Opiate-replacement drugs such as methadone must not be the only treatment available to drug users, the Legal Affairs Minister has said.
An independent expert group has been commissioned by Roseanna Cunningham to gather evidence on the effectiveness of treating users with methadone and other replacements.
The number of people on methadone has risen by a tenth in the last five years, from 22,224 in 2007 to 24,507 this year.
Chief Medical Officer Harry Burns will lead the expert group in collaboration with the independent Drugs Strategy Delivery Commission. Chaired by Dr Brian Kidd, from the delivery commission, the new group will examine the evidence that medical professionals use to justify prescribing methadone.
Dr Burns said opiate-replacement therapy is "an important and complex issue".

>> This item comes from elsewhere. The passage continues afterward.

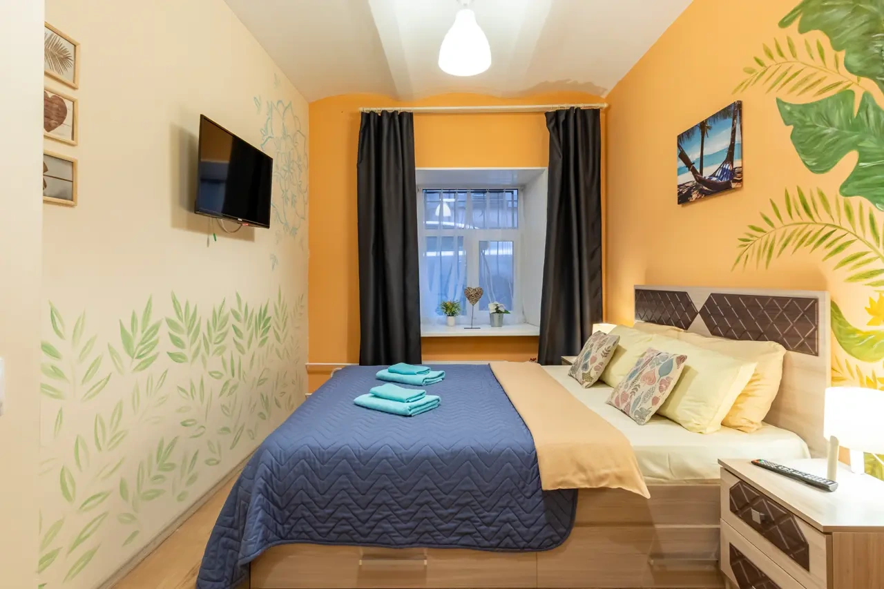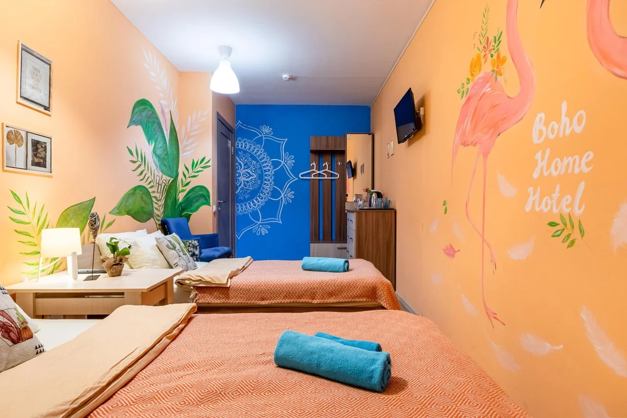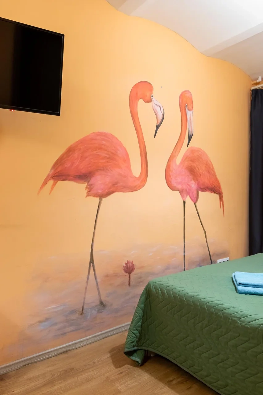 Каждый номер нашего отеля имеет индивидуальный дизайн, стены превращены в огромные картины с позитивными жизнеутверждающими мотивами. В этом двухместном номере могут разместиться до 3-х человек. В номере 1 двуспальная кровать и удобное раскладывающееся кресло. Номер оснащен всем необходимым: постельное белье, полотенца, телевизор с плоским экраном, бесплатный Wi-Fi, электрический чайник с чайными принадлежностями, фен, туалетно-косметические принадлежности, тапочки. В общем доступе гостей имеется холодильник, микроволновая печь, стиральная машина (за отдельную плату). Номер имеет собственную ванную комнату/туалет.

He said: "We know that opiate replacement therapies stabilise the lives of people seeking to address their drug addictions.
The panel will make recommendations to the Scottish Government, for consideration in Parliament.
Ms Cunningham said: "Prescribed drug treatment has saved many thousands of lives in Scotland. It is the responsibility of the professionals to determine the most appropriate treatment for each person seeking medical help with addiction problems.
"However, the Scottish Government is clear that prescribed drug treatment is not, and cannot be, the only treatment option available on the pathway to recovery. People have a right to a full range of treatment and support options and, to decide in consultation with professionals, what is best for them.
"We know that between April 2011 and March 2012, prescribed drug treatment, including but not exclusively methadone, was less than one-fifth of treatment options started. We want to ensure our services in Scotland are as effective as we can make them. This group's work will enhance the quality of treatment and long-term recovery outcomes in Scotland by gathering robust evidence and providing effective and constructive challenge to what we already know."